A Python wrapper for FinBERT designed to handle long financial documents (news articles, earnings calls, reports) that exceed the standard BERT 512-token limit.
Unlike standard chunking methods that average sentiment (diluting the signal), this tool uses a "Strongest Signal" (Max-Pooling) strategy to detect the most significant sentiment in a document, ensuring critical news isn't washed out by neutral filler text.
- Automatic Chunking: Splits long text into 510-token overlapping chunks automatically.

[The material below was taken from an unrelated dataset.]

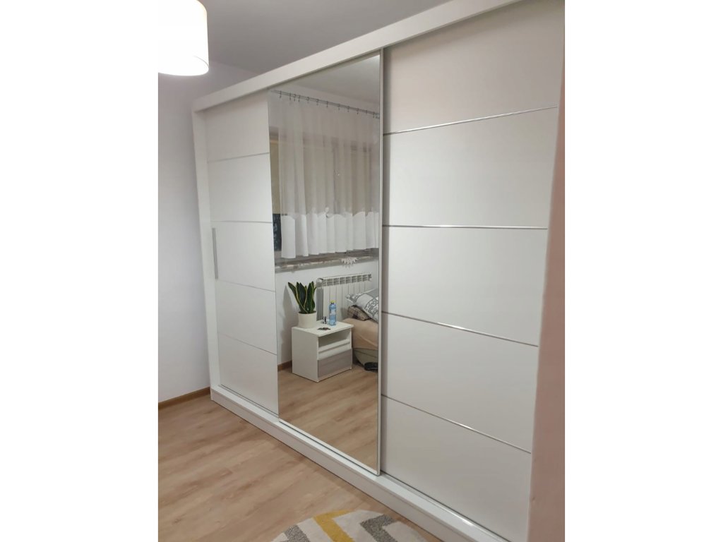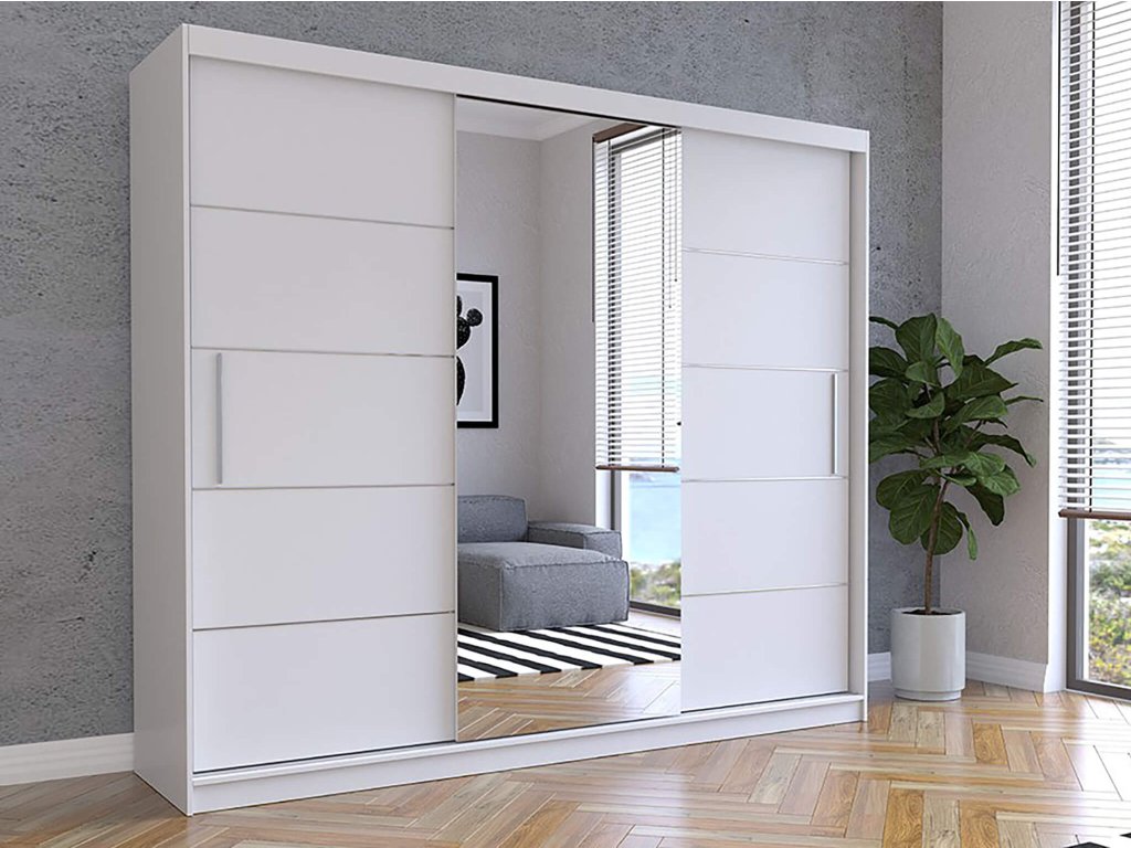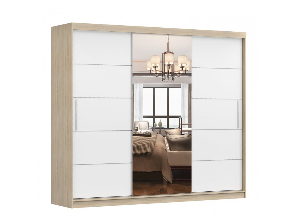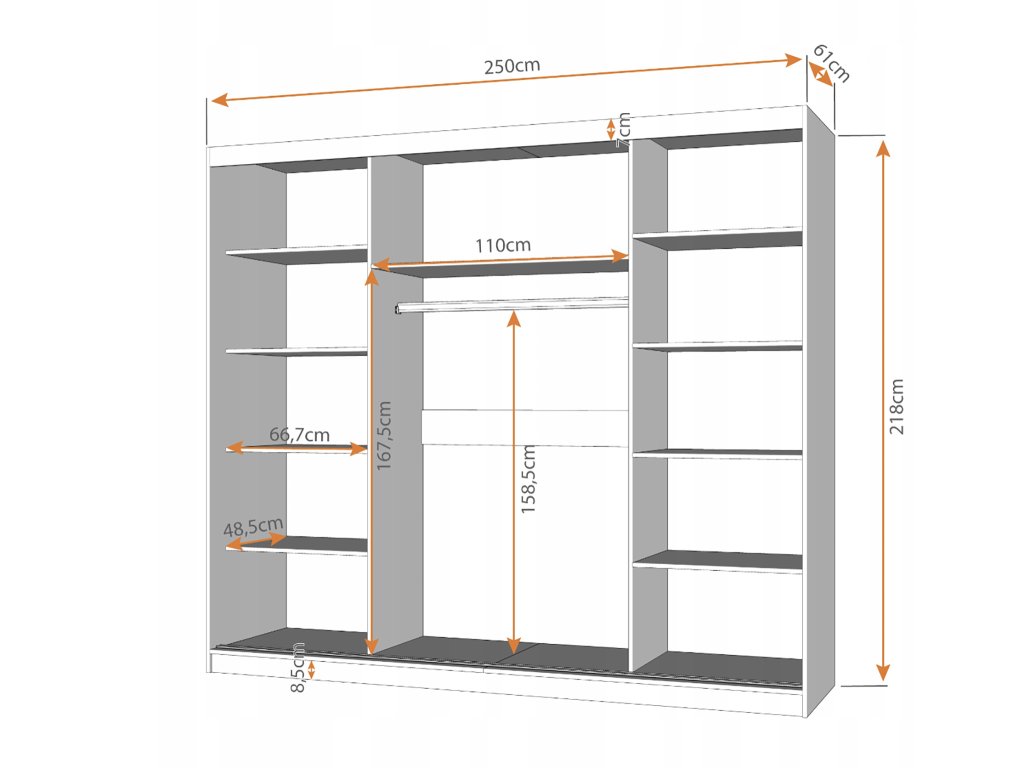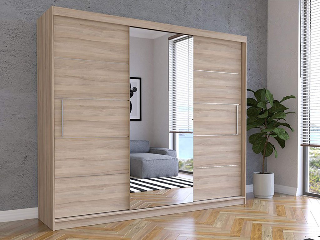 Praktikus és tágas tükrös MILANA gardróbszekrény, amely kombinálja a modern dizájnt a praktikummal, így még a legigényesebb vásárlóik igényeit is teljesíti. A ruhásszekrény szilárd tolóajtós rendszerrel rendelkezik (fém vezetősínek és csapágyas görgők), amelyeknek köszönhetően az ajtó nagyon könnyen mozog. A szekrény PVC fogantyúkkal rendelkezik, amelyek még jobban kiemelik a modernitását. A szekrény ideális választás a hálószobába, előszobába vagy a folyosóra. A szekrény közepén egy akasztórúd található, a két szélében pedig polcok. A bútor minőségi laminált 16 mm vastag bútorlapból készül, a széle ABS élekkel vannak lezárva.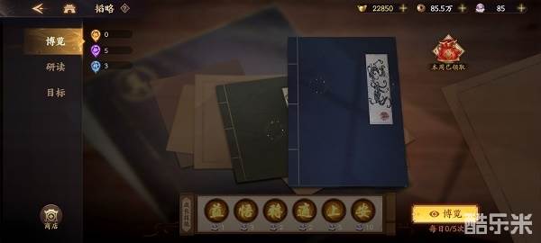2、每日资源获取主要为【博览】部分。获取到的资源可在【研读】中消耗,全局提升武将属性。玩法同时可产出【战策】,用于提升士兵的属性或技能。

- Strongest Signal Strategy: Instead of averaging scores (which returns "Neutral" for mixed documents), it identifies the chunk with the highest Positive or Negative confidence.
- GPU Acceleration: Automatically uses NVIDIA CUDA if available.
- Production Ready: Handles special tokens (
[CLS],[SEP]) correctly for every chunk.
- torch
- transformers
- numpy
-
Clone the repository:
git clone https://github.com/NadeeshaNJ/FinBERT-Long-Text.git cd FinBERT-Long-Text -
Install dependencies:
pip install torch transformers numpy
Ensure sentiment_analyzer.py is in your project directory.
from sentiment_analyzer import SentimentAnalyzer
# Initialize (Downloads model on first run)
analyzer = SentimentAnalyzer()
# Example: Long text with mixed history but positive recent news
text = """
(Paragraph 1) Company X was founded in 1905... [Neutral History]
(Paragraph 2) In 2010, they faced a minor lawsuit... [Negative Noise]
(Paragraph 3) TODAY, they reported a record 50% profit increase! [Positive Signal]
"""
# The analyzer will detect the Positive signal despite the neutral/negative filler
confidence, sentiment = analyzer.analyze(text)
print(f"Sentiment: {sentiment} (Confidence: {confidence:.2f})")
# Output: Sentiment: Positive (Confidence: 0.98)